Fue Jaime II de Aragón quien, por provisión real de
cinco de agosto de 1296 y «a petición de la justicia de Alicante
Berenguer de Puigmoltó y otros dos síndicos de la misma,
accedió a la creación de una feria anual, durante todo el mes de
agosto, con el disfrute de todos los fueros acostumbrados por cuantos
mercaderes acudan a la convocatoria, a excepción de los criminales,
falsificadores de moneda y salteadores de caminos a los viandantes».
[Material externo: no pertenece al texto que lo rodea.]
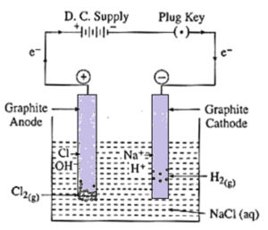 (1) Construction of an electrolytic cell : It consists of a vessel containing a NaCl aqueous solution. Two inert electrodes (graphite electrodes) are immersed in it and connected to an external power source, such as a battery. The electrode connected to the negative terminal is referred to as a cathode, while the electrode connected to the positive terminal is referred to as an anode.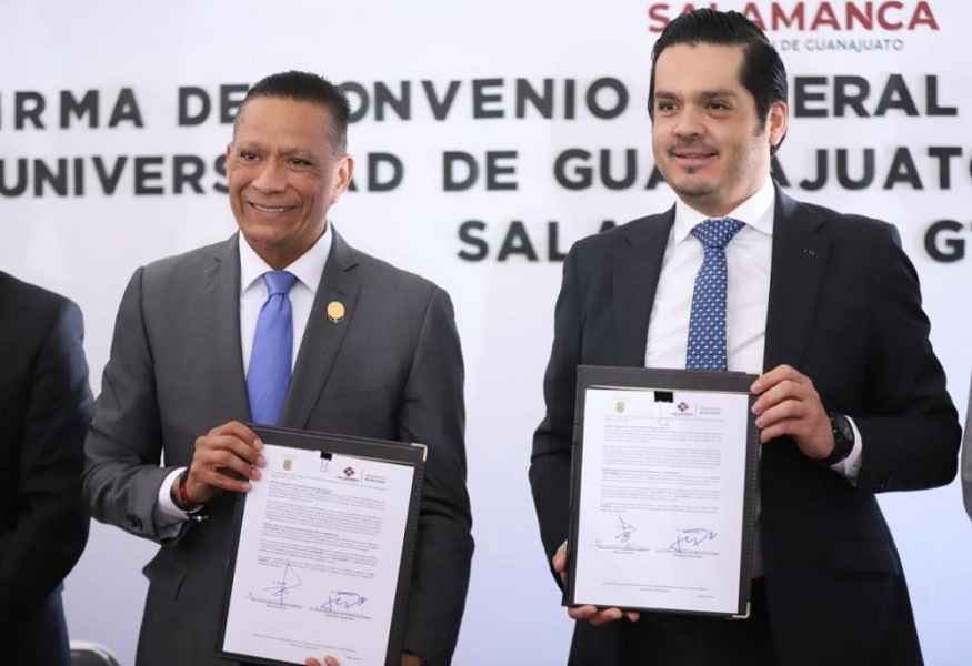 Salamanca, Gto. a 01 de febrero de 2023.- Se llevó a cabo la firma de un convenio de colaboración entre la Universidad de Guanajuato (UG) y el Municipio de Salamanca, para fomentar la participación de la comunidad académica en proyectos innovadores que impliquen un beneficio social.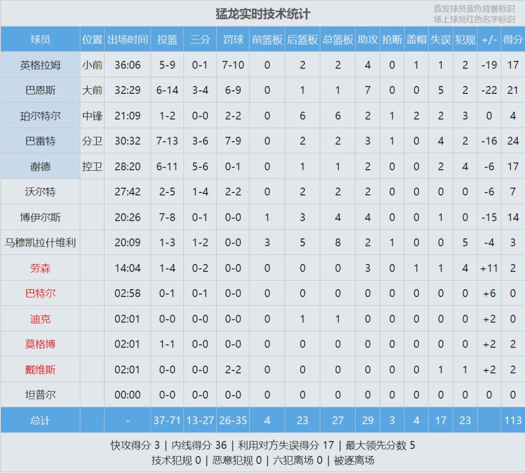 穆雷投篮22中7,三分8中0,罚球16中16,得到30分5篮板7助攻2失误,正负值+13全场最高。爱德华兹受到膝伤影响,身体不在最佳状态:投篮19中7,三分9中2,罚球7中6,拿到22分9篮板7助攻3盖帽3失误4犯规。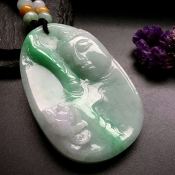 冰糯种满绿佛公 翡翠吊坠 尺寸19.5*20.9*6.3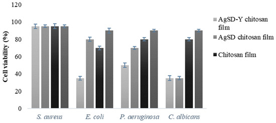 Antimicrobial activity analyses against common human pathogens, namely, Escherichia coli (ATCC 8739), Staphylococcus aureus (ATCC 6538), Pseudomonas aeruginosa (ATCC 9027) and Candida albicans (ATCC 10231), were carried out with the AgSD-loaded films. The strains were standardized using the technique of series dilution. Analyses were carried out by the inoculation of 106 CFU/mL of each strain in individual tubes containing 30 mL of TSB medium for the bacteria or 30 mL SDB medium for the yeast. The samples of films were cut into dimensions of 6 × 6 cm, and the sterilization were performed with UV light for 15 min each side. All sterilized samples were incubated in sterile test tubes. For the positive control, each tube was incubated with the microorganism only, whereas for the negative control, the test tubes contained only TSB or SDB medium. The tubes were incubated at 37 °C for 12 h. Aliquots of 100 µL were transferred to flat-bottomed microplates. The microbiological growth was monitored by reading the optical density by an automatic microplate reader (Synergy HT Biotek, Winooski, VT, USA) at a wavelength of 620 nm.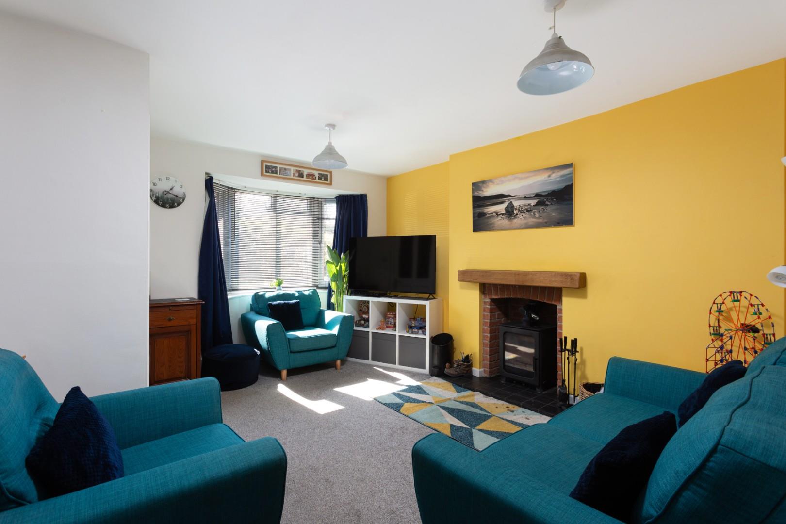 Accessed via an entrance hall with staircase rising to the upper floors, with the sitting room leading off which features a central log burning stove set upon a tiled hearth beneath a timber mantel, a useful under stairs storage cupboard, and a bay window which draws in the natural light.

Pero en 1325 la dicha feria se trasladaría al mes de
diciembre y, más tarde, bajo el reinado de Pedro IV, al de octubre, por
cuanto parecía un tiempo más propicio para el chalaneo de los
mercaderes. Sin embargo, mucho tiempo después, volvería a
celebrarse en agosto no ya como feria, sino como fiesta, y con objeto de
solemnizar el día de la excelsa patrona de Alicante. Así se
contiene en una moción presentada al Consistorio, en la sesión
plenaria del veintidós de marzo de 1890. La moción estaba
firmada, entre otros concejales por Corradi, Altamira y Viravens. Rafael
Viravens, por aquel entonces, había presentado su renuncia como cronista
oficial de la ciudad, con objeto de dedicarse a sus funciones de edil. Se
hacía, en el texto correspondiente un expreso llamamiento a las
sociedades de recreo, gremios, establecimientos comerciales y de baño,
empresas de casas de huéspedes y fondas, a fin de que conjuntamente con
el Ayuntamiento, contribuyeran a la formación de un programa digno de la
cultura de la ciudad y también a sufragar los gastos que ocasionaran
tales celebraciones.
El once de julio del año ya referido, Altamira
presentó el programa que se había confeccionado. El liberal
Rafael Terol y Maluenda que presidía el Ayuntamiento mostró su
acuerdo y propuso que la alameda de San Francisco se rotulase con el nombre de
Eleuterio Maisonnave, y que en el transcurso de las fiestas se fijara la placa,
con la solemnidad debida.
Sólo se alzó una voz discordante: la de Rafael
Viravens que era un decidido militante del conservadurismo canovista. Pero
agosto volvió a recuperar el pulso de unos actos que ya tenían
raíces históricas y bien consolidadas.
  Importante remodelación
5 de febrero de 1996
Fue el gobernador civil, don Ramón de Campoamor y
Campoosorio, el poeta de las Doloras y el conservador que criticaba, en sus
escritos, la democracia, quien dio el visto bueno al proyecto
urbanístico. De inmediato, se lo comunicó al alcalde de Alicante,
don Tomás España. El proyecto al que nos referimos, con su plano
correspondiente, se aprobó el veinte de julio de 1850. Y
consistía en la remodelación de la actual plaza de la
Santísima Faz.
Plaza que antes se llamó de la Fruta, de la Harina, del
Progreso y también, aunque se trata de una rotulación escasamente
conocida, de la Cárcel. El nombre que hoy lleva, se debe a un acuerdo
municipal del diecinueve de agosto de 1921.